= Charles R. Embry =

Charles R. Embry is Professor Emeritus of Political Science at Texas A&M University–Commerce, he joined then East Texas State University in 1969. Embry has just published The Philosopher and the Storyteller: Eric Voegelin and Twentieth-Century Literature, University of Missouri Press, ISBN 978-0-8262-1790-5. Embry previously edited the following two books: Robert B. Heilman and Eric Voegelin: A Friendship in Letters, 1944–1984 and coeditor of Philosophy, Literature, and Politics: Essays Honoring Ellis Sandoz.

Embry studied under Ellis Sandoz at Louisiana Tech University and John Hallowell at Duke University and is an active member in the Eric Voegelin Society, presenting at many annual meetings.

In 2005 Embry was the chair for a panel titled, The Evocation of Experience: Poetry and Eric Voegelin's Theory of Symbolization at the Eric Voegelin Society Conference in Washington, D.C.

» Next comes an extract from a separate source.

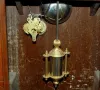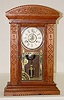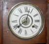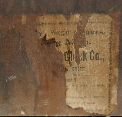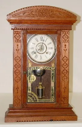 has pendulum and key; paper dial on a nickel plated dial base marked Pat'd Feb. 11, 1879; one day strike with alarm; 2 weights; door decorated with gi...
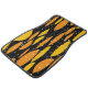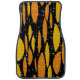 Atomic-style geometric pattern resonates with retro elegance in black and orange.

In 2004 Embry presented "The Literary Criticism of Eric Voegelin in his Correspondence with Robert B. Heilman" at the 20th Annual Eric Voegelin Society conference held in Chicago, Illinois.

In 2003 Embry presented "Show me something snaky" at the annual meeting of the American Political Science Association, Philadelphia Marriott Hotel, Philadelphia, PA.